---------- Information ----------
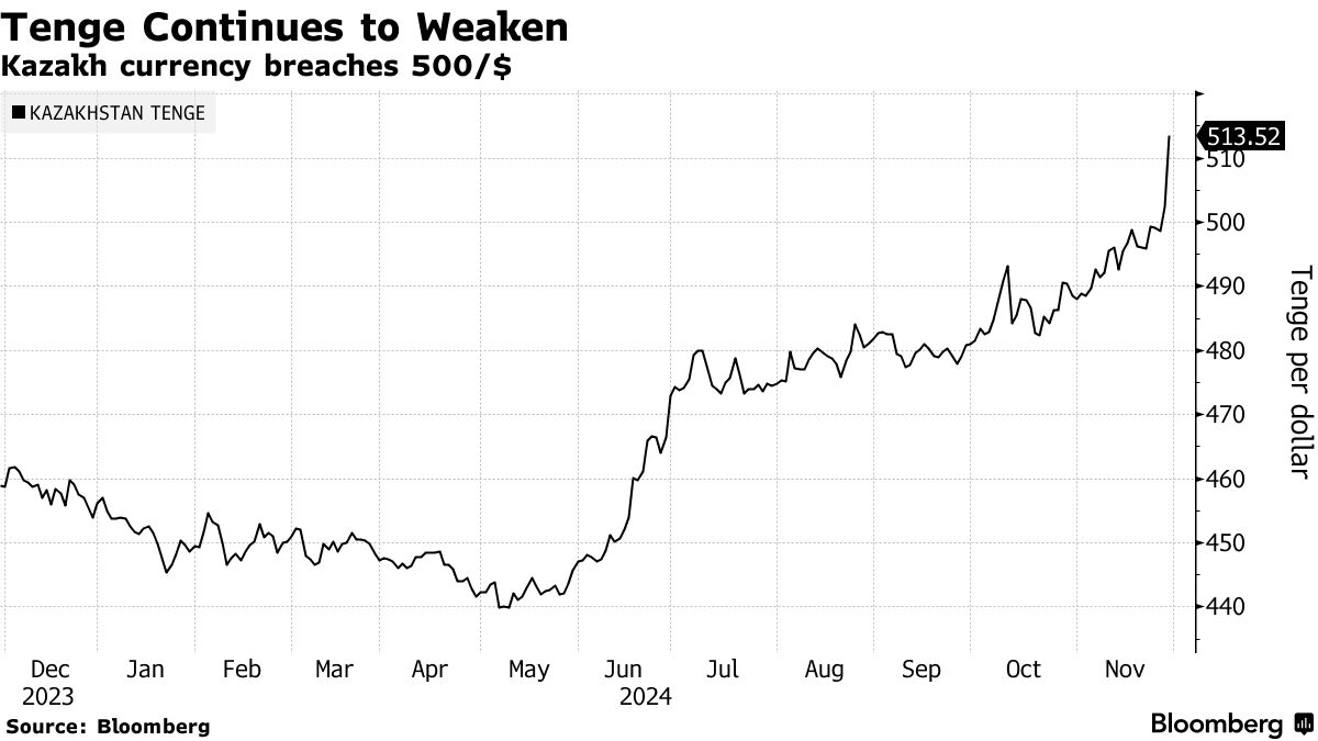 哈萨克斯坦中央银行还指出强势美元、油价波动以及对更多原油供应的预期和唐纳德·特朗普当选美国总统后的贸易关税前景。
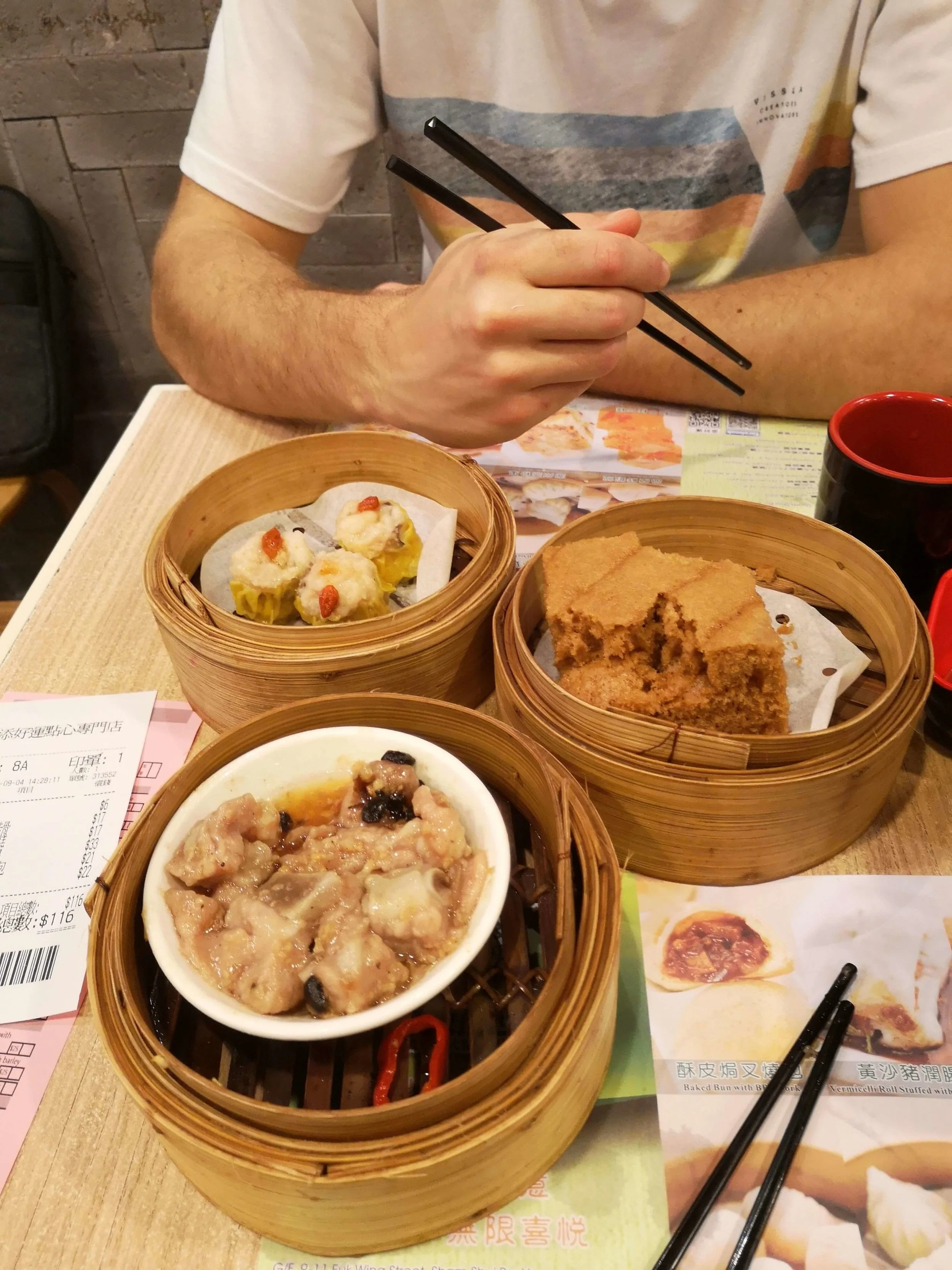 After a cold drink we’d kind of been there done that so we jumped on a bus back to the city, this time taking a different route over the island where we got to check out some pretty crazy huge houses (actual houses, not apartments… a rarity!), as well as the famous Happy Valley racecourse. Deposited in central we decided to go for another guidebook favourite, Michelin-starred dim sum. After an absolute battle to find the place (GPS is quite bad as it is in HK due to all the buildings, let alone trying to find something that is underground!) we jumped in a short queue and ordered somewhat at random. We soon found ourselves being bought steaming baskets of random Michelin level dim sum, surely our taste buds were about to be blown out of our mouths? Disappointingly not. The infamous BBQ pork bun (which usually I love and was most excited about) had this weird crunchy sugary coating on top that just didn’t work in our humble (and probably wrong) opinions. The beef short ribs were hard to get the meat off the bone and had a weird flavour to them (they probably weren’t helped by the fact that I have been having a bit of a meat-related crisis lately after watching “What the Health” (Netflix doco) and seeing some dubious looking meat in the supermarkets here). The other bits and pieces were ok but not amazing, probably the best thing was the spongy cake type thing but it certainly wasn’t Michelin star worthy. The restaurant was constantly crowded with huge queues so we were definitely questioning the sanity of our judgement at times, there are a few other locations so we might have to try again at the original one sometime.
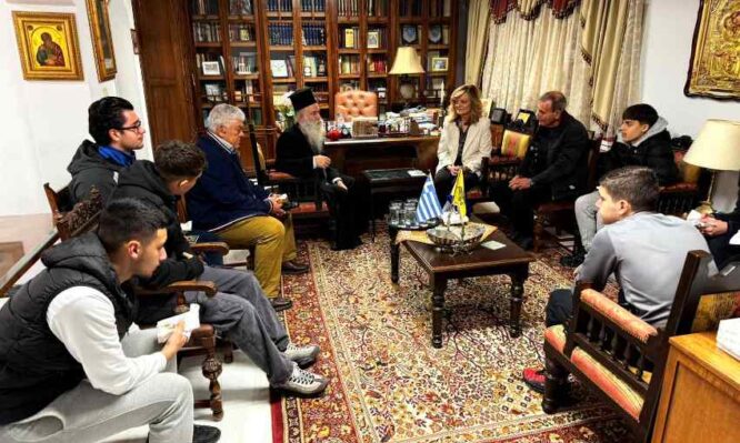 Αντιπροσωπεία μαθητών του 2ου Λυκείου Κορίνθου, συνοδευόμενοι από τη διευθύντρια κα. Λουκία Πολυχρονίου – Κολαΐτη και εκπαιδευτικούς του σχολείου, επισκέφθηκαν σήμερα το πρωί τα Γραφεία της Ι. Μητροπόλεως, αφού πρώτα εκκλησιάστηκαν στο Μητροπολιτικό Παρεκκλήσιο της Αγία Φωτεινής της Σαμαρείτιδος. Σκοπός της επισκέψεως τους ήταν να γνωρίσουν τον νέο Ποιμενάρχη μας κ. Παύλο και να λάβουν την ευχή και την ευλογία Του, για την επικείμενη ιερά αποδημία τους στο Άγιο Όρος.
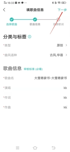 4、把该作品的各类相关信息完整填写进去,检查确认没有问题后,点击右上角的“下一步”按钮;
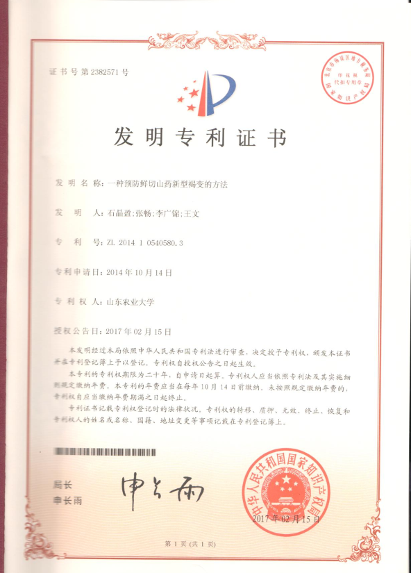 3 | Effects of postharvest curing treatment on flesh colour and phenolic metabolism in fresh-cut potato products | Food Chemistry, 2015, 169: 246-254 | SCI:9.231 | 王庆国 |
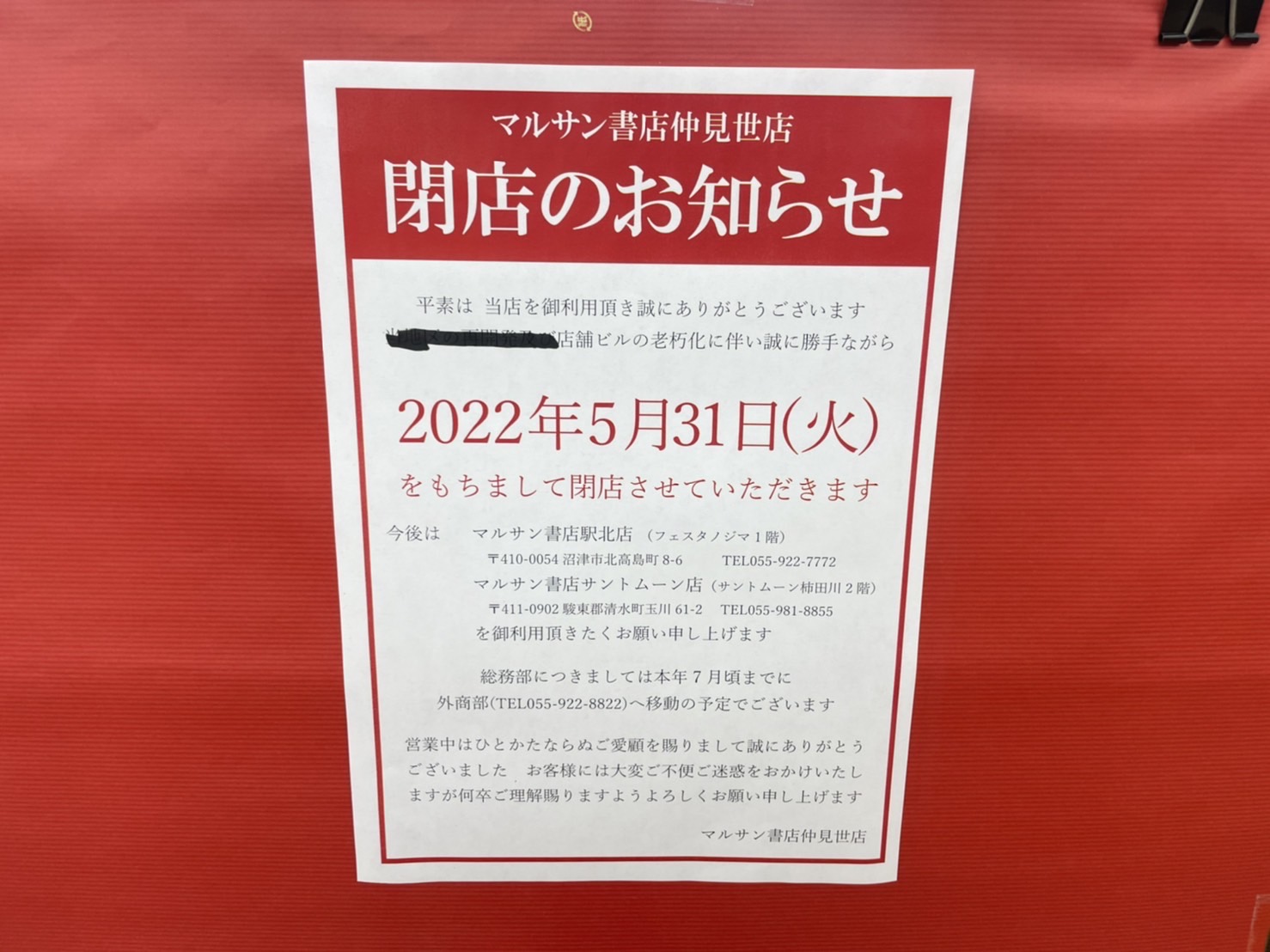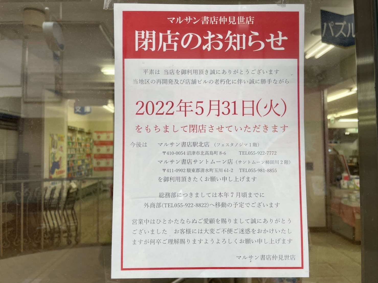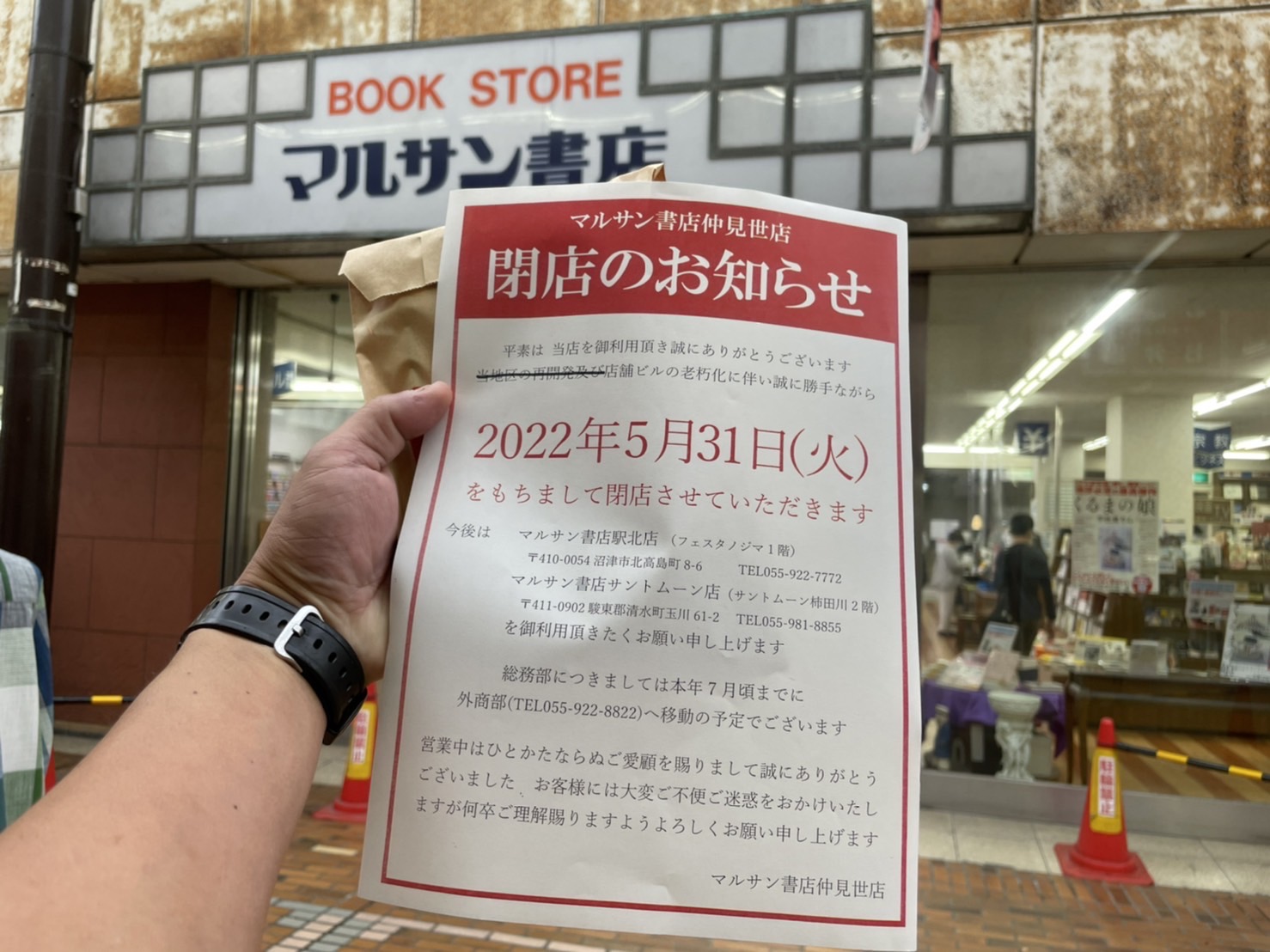 マルサン書店仲見世店閉店のお知らせをいただいた。ぬまつー基地で大切に保管させていただきます(´;ω;`)ウゥゥ。
----------
### Required action
A clean copy is needed of the lines in the listing above from the one with "Αντιπροσωπεία μαθητών του" through the one with "3 | Effects", exact in every word and free of pictures.

### Solution
 Αντιπροσωπεία μαθητών του 2ου Λυκείου Κορίνθου, συνοδευόμενοι από τη διευθύντρια κα. Λουκία Πολυχρονίου – Κολαΐτη και εκπαιδευτικούς του σχολείου, επισκέφθηκαν σήμερα το πρωί τα Γραφεία της Ι. Μητροπόλεως, αφού πρώτα εκκλησιάστηκαν στο Μητροπολιτικό Παρεκκλήσιο της Αγία Φωτεινής της Σαμαρείτιδος. Σκοπός της επισκέψεως τους ήταν να γνωρίσουν τον νέο Ποιμενάρχη μας κ. Παύλο και να λάβουν την ευχή και την ευλογία Του, για την επικείμενη ιερά αποδημία τους στο Άγιο Όρος.
 4、把该作品的各类相关信息完整填写进去,检查确认没有问题后,点击右上角的“下一步”按钮;
 3 | Effects of postharvest curing treatment on flesh colour and phenolic metabolism in fresh-cut potato products | Food Chemistry, 2015, 169: 246-254 | SCI:9.231 | 王庆国 |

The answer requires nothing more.